How to JavaDoc (efficient and maintainable) - 6 steps

Most of the JavaDoc comments are worthless. They describe redundantly already existing information and obvious facts. Many developers are indirectly forced (by e.g. QA) to write dumb Javadoc, only to increase some metrics. However this approach is really expensive, because:

  1. Someone has to write the JavaDoc
  2. ...and even worse - in the mainainance phase all developers are forced to filter out relevant things and ignore worthless information

The classic sample is:

/**

* This is a setter which sets the name

@param name - the name to be set

*/

public void setName(String name) {...

The already existing information from the method's signature is replicated to the javadoc. In my opinion such a javadoc is superfluos, every java developer knows what getters and setters are. The same anti-pattern is often applied to document other elements - not only obvious Java Bean "components".

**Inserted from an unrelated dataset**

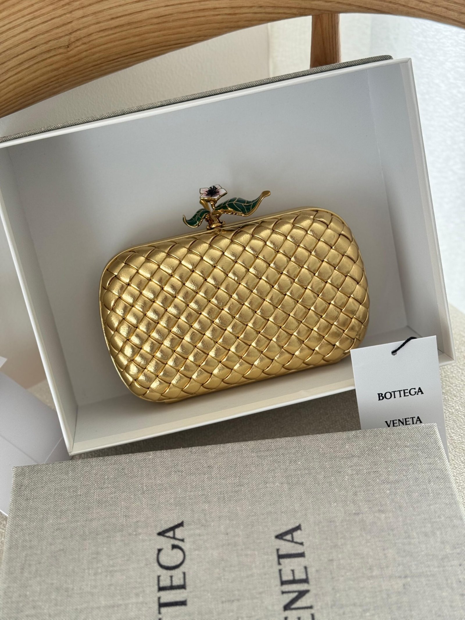 • Padded Intreccio wood-embossed lamina leather minaudiere

Instead of writing superfluos documentation, you could also introduce a new Javadoc tag or annotation to mark such use cases e.g. @Obvious. In this particular case the QAs should be happy with the doc coverage and developers could silently ignore the doc.

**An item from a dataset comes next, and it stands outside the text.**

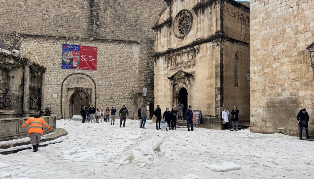 Dubrovnik je danes pobelila toča, ulice starega mestnega jedra pa so zaradi ledu postal drsališče.

Really good javadoc should be written accoding to the following rules:

  1. Document the background knowledge, the intention and not the result
  2. Try to capture the concepts in a central place (e.g. wiki) - and only reference to the contents
  3. Document obvious facts with marker tags - don't describe them over and over again (be DRY) [see Marker Annotation in p4j5]
  4. Include in your documentation samples, how-to  etc. (source code rules)
  5. Don't allow default javadoc comments generated by the IDE
  6. Sometime "No Doc, is the Best Doc" - try to minimize the amount of documentation and describe only the key concepts.
Actually the same ideas for good OO systems can be applied for good documentation as well.

Comments:

When coding Java Beans and Entity beans, my big pet peeve is that I document (and annotate) the private fields, and there is no way to just absorb that documentation for the getters/setters. Since private access is typically not documentated by JavaDoc, this forces users to provide docs for getters and setters. And I hate that I need to document the same thing 3 times. Javadoc needs a strategy to deal with this problem.

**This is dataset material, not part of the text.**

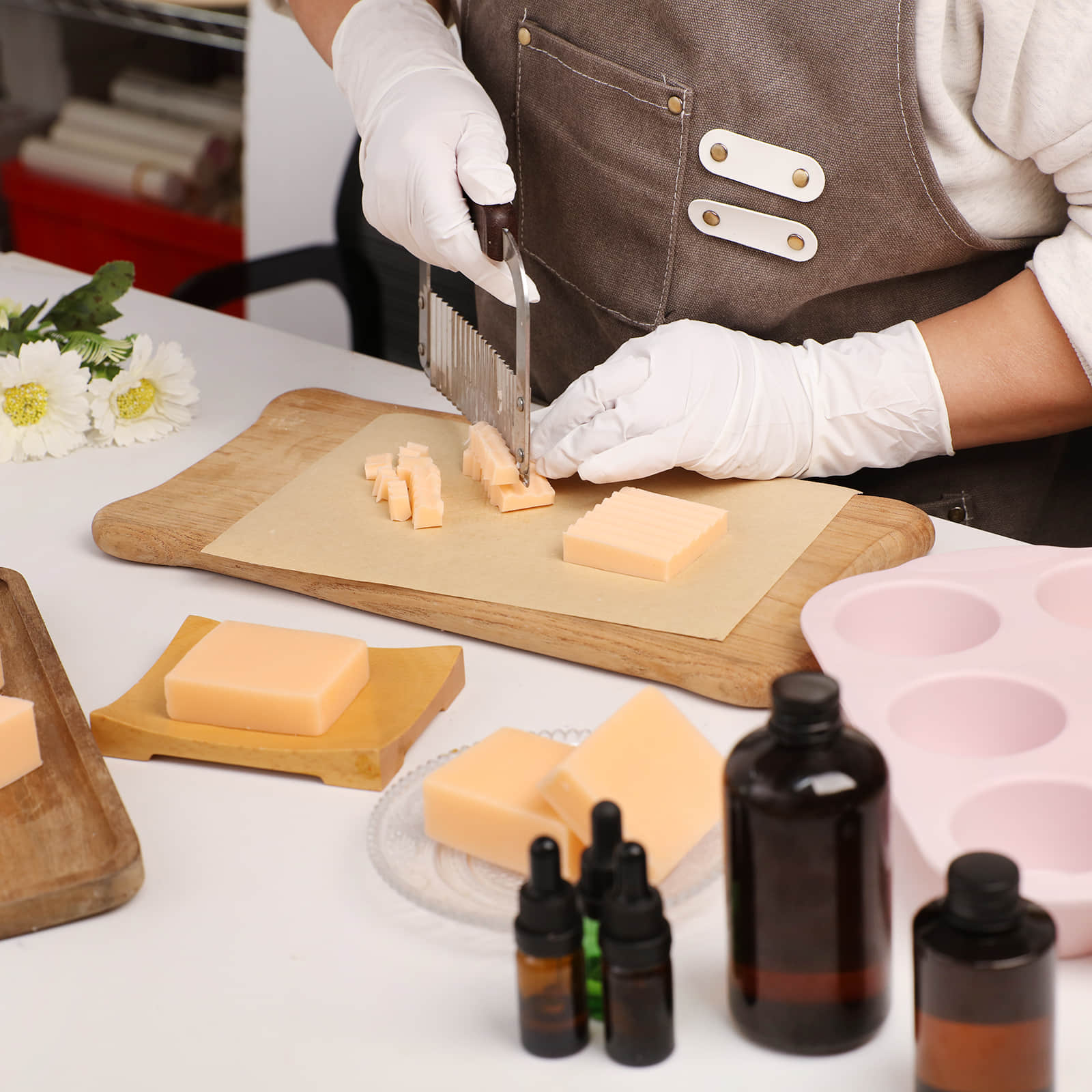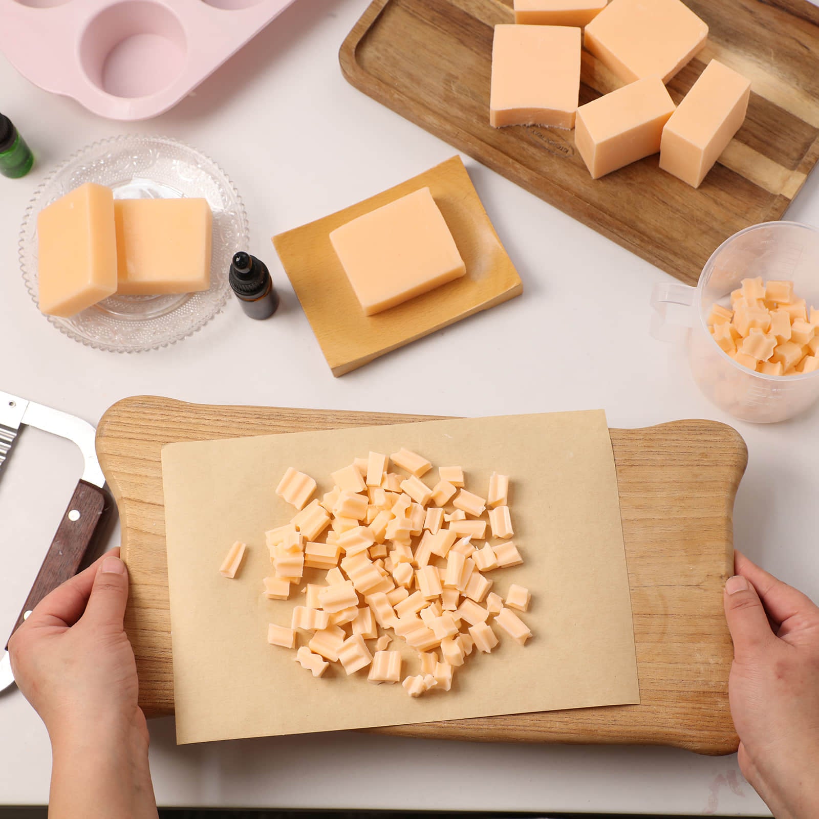 - Cut: Cut the soap base into small cubes (2–3 cm) to ensure even melting.

Posted by Anthony Whitford on October 31, 2007 at 10:11 PM CET #

You mean 'intention', not 'intension'.

Posted by Anonymous on November 01, 2007 at 01:11 AM CET #

Your system time is wrong.

Posted by Anonymous on November 01, 2007 at 01:13 AM CET #

The @Obvious annotation is not a bad idea at all! :D

Posted by Paris Apostolopoulos on November 01, 2007 at 11:39 AM CET #

Anonymous,

1. I corrected intension -> intention. Thank you very much.
2. I hope no my, but my server's system time is wrong. I will check it - thanks.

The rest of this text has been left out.